• **The problem**
The records below are to be transcribed exactly from their first line to the line that has "Das Schloss Schönbrunn", inclusive, with every picture omitted.

------ Information shown

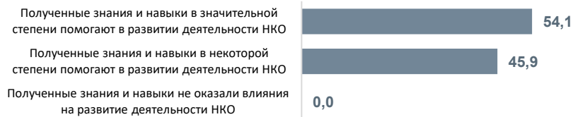
Диаграмма 8. Оценка влияния полученных знаний и навыков на развитие деятельности НКО

Полученные знания и навыки помогают в развитии деятельности НКО.
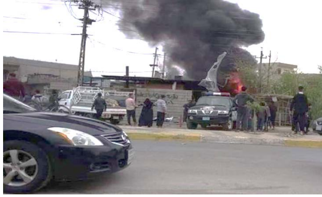
تفجير العبوة الناسفة في منطقة المعالف في جنوب بغداد (10 أيار/ مايو 2020). (lgamesh.com)

وهذه العملية المركبة في بغداد تأتي بتقديرنا لإيقاع أكبر عدد من القتلى في صفوف السكان الشيعة ولضعضة الأمن في المدينة ولتذكير الحكومة العراقية والجمهور العراقي بجرأة تنظيم الدولة الإسلامية المتزايدة وبقدراته العملياتية المتقدمة. وحتى إن لم يتم تحقيق جميع تلك الأهداف فإن العملية تدل على أنه بالتوازي مع عمليات حرب العصابات "الاعتيادية" فإن تنظيم الدولة الإسلامية يسعى لتنفيذ عمليات "نوعية" ذات صدى سياسي وفكري على الساحة العراقية.
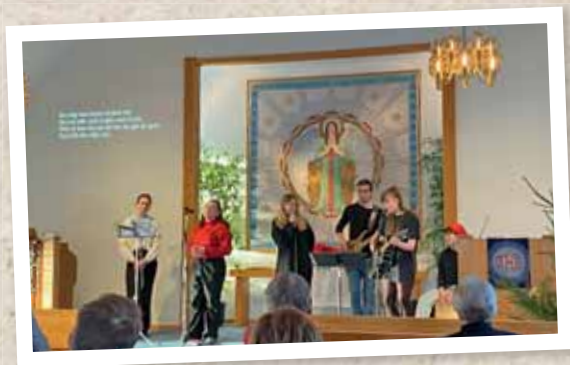
Lovsång i Nävlinge.
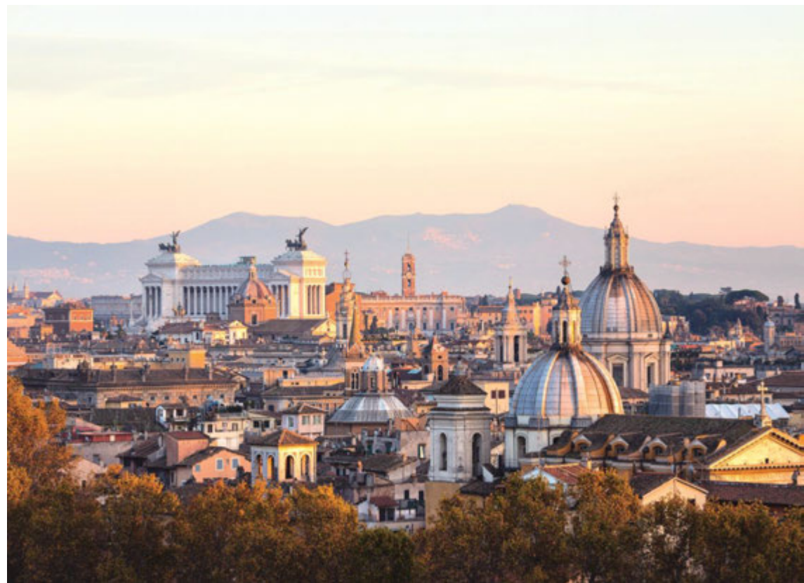
Blick über Rom
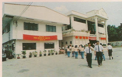
△描戈律忠恕道院外貌一景。
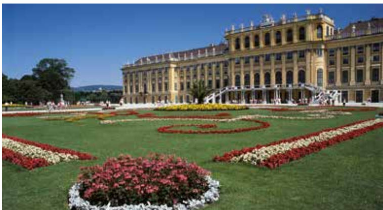
Das Schloss Schönbrunn in Wien zählt zu den schönsten Barockanlagen Europas

Alle wichtigen Donaumetropolen innerhalb von 6 Tagen! Lassen Sie sich einfach überraschen! Die sagenhafte Drei-Flüsse-Stadt Passau als Ausgangspunkt gewählt, empfängt Sie Wien mit dem Märchenschloss Schönbrunn, wo einst Kaiserin Sisi durch die Gänge wandelte. In Budapest schlendern Sie durch das nostalgische Burgviertel bis zum riesigen Burgpalast, bevor Sie in Bratislava die schneeweiße Pressburg erklimmen, die Ihnen einen atemberaubenden Blick über die Donau schenkt. Einfach fantastisch! Zurück in Österreich bewundern Sie in Dürnstein noch schnell den himmelblauen Kirchturm oder im Stift Göttweig die prachtvolle Barockkirche. Eins ist sicher: Diese raffinierte Donaureise macht Lust auf mehr!
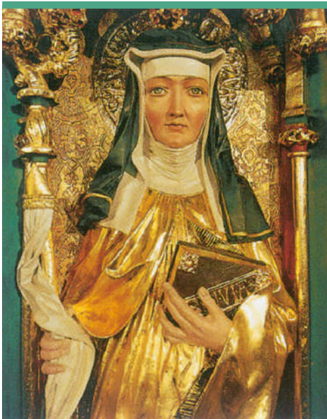
Hildegard von Bingen (1098–1179). Altar-Figur in der Rochuskapelle, Bingen.

Darüber hinaus verbanden die Menschen mit Edelsteinen und Metallen schon früh heilende und sogar magische Kräfte. Bei vielen Völkern wurden bereits vor Jahrtausenden Edelsteine bzw. Amulette aus Stein oder Metall zum
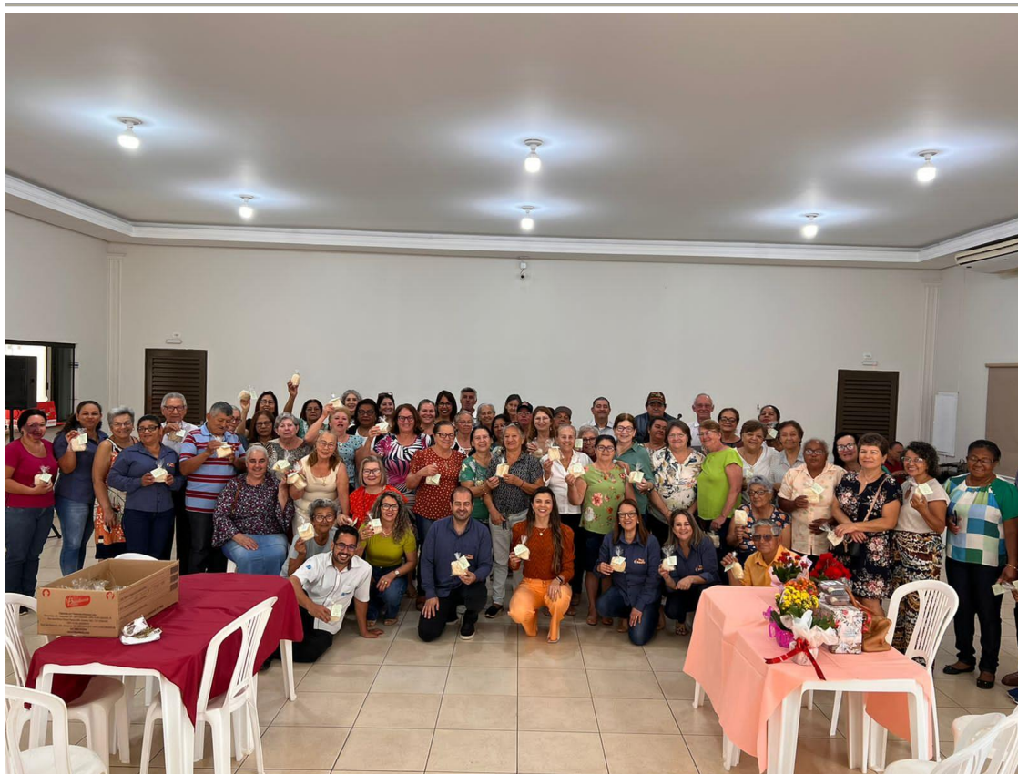
Evento realizado com os segurados do PreyBrilhante: Palestra e distribuição de buchas vegetais
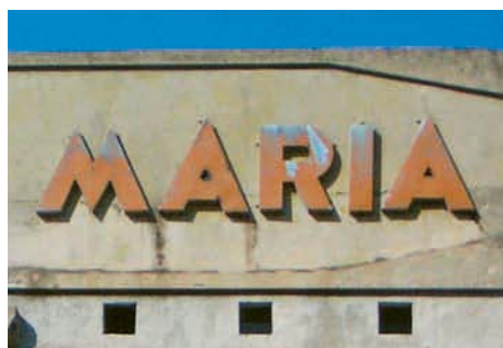
602. Ribera de Deusto.

Los rótulos del pequeño negocio en el paisaje de Bilbao
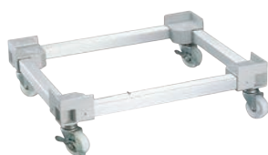
⑤ビールコンテナ用 台車 AP-No.20 ㊬

480×400×H195 有効内寸:460×375 材質:本体/ポリプロピレン アングル/アルミ キャスター:ナイロン製 φ100 (自在×4) 最大積載荷重:390kg
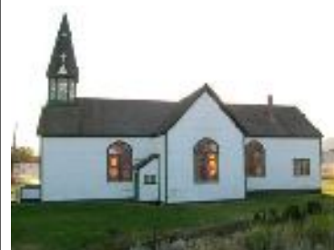
Église St Joseph - Kamloops
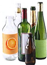
Bouteilles et cannettes en verre
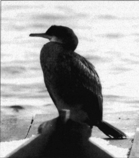
Juveniele Kulfaalscholver, Plas Weijpoort bij Bodegraven Z.-H., 12 juli 1999.
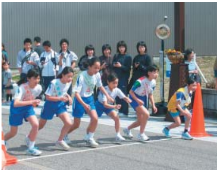
小中学生の駅伝競走大会

風物詩になっているこの行事は、桜が咲き誇る中での雅な風景が観賞できる。 その他、富山藩主人山行列や古典文化の催しもあります。
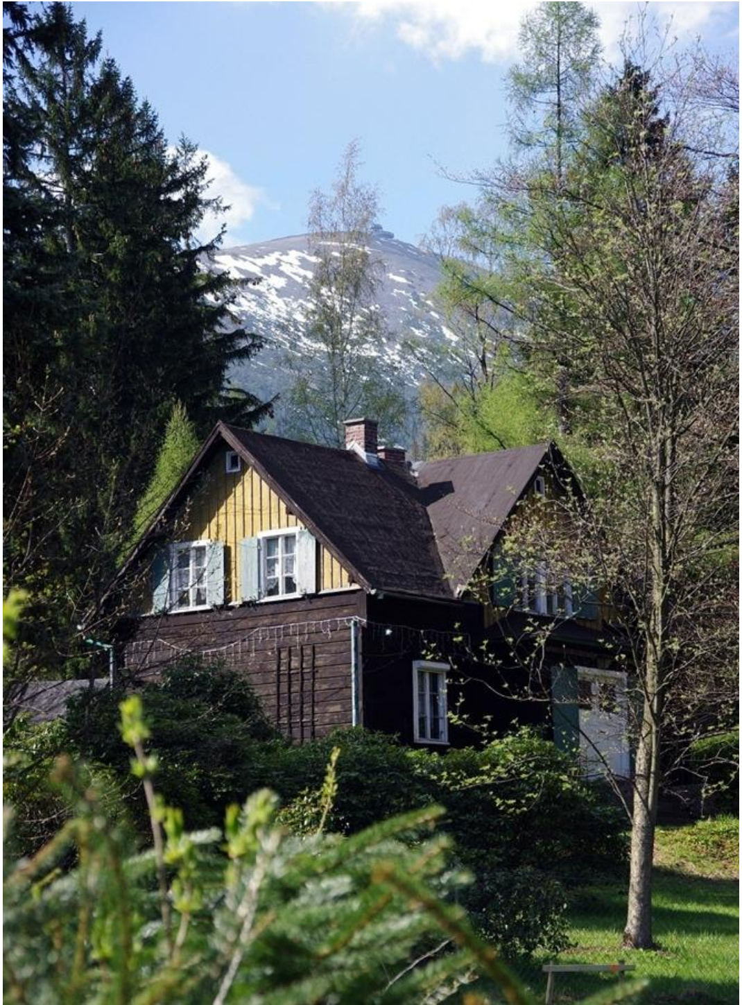
Zamek schronienia z widokiem na Snieżkę i Kopę
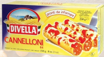
CANNELLONI DIVELLA 500G
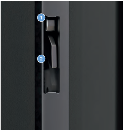
Tür geöffnet: Dichtungselement und Schwenkriegel eingefahren.
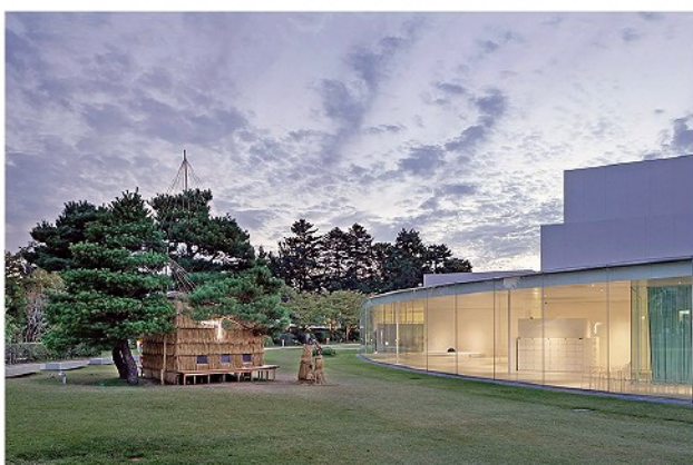
ブーフーウーの葉の家 東アジア文化都市2018金沢「変容する家」
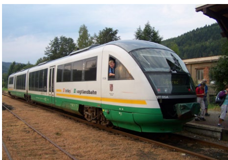
Spojení do Drážďan objednává Liberecký kraj a zajišťuje ho již třetím rokem společnost TRILEX.

Na zpáteční cestu je pak možné využít pravidelné spěšné vlaky s odjezdy z Drážďan v 13.08, 15.08 a 17.08 hod. a navíc ještě další vlak (jede pouze o adventních sobotách) v 16.28 hod. z Drážďan.

------------

• **Output of the task**
Диаграмма 8. Оценка влияния полученных знаний и навыков на развитие деятельности НКО

Полученные знания и навыки помогают в развитии деятельности НКО.
تفجير العبوة الناسفة في منطقة المعالف في جنوب بغداد (10 أيار/ مايو 2020). (lgamesh.com)

وهذه العملية المركبة في بغداد تأتي بتقديرنا لإيقاع أكبر عدد من القتلى في صفوف السكان الشيعة ولضعضة الأمن في المدينة ولتذكير الحكومة العراقية والجمهور العراقي بجرأة تنظيم الدولة الإسلامية المتزايدة وبقدراته العملياتية المتقدمة. وحتى إن لم يتم تحقيق جميع تلك الأهداف فإن العملية تدل على أنه بالتوازي مع عمليات حرب العصابات "الاعتيادية" فإن تنظيم الدولة الإسلامية يسعى لتنفيذ عمليات "نوعية" ذات صدى سياسي وفكري على الساحة العراقية.
Lovsång i Nävlinge.
Blick über Rom
△描戈律忠恕道院外貌一景。
Das Schloss Schönbrunn in Wien zählt zu den schönsten Barockanlagen Europas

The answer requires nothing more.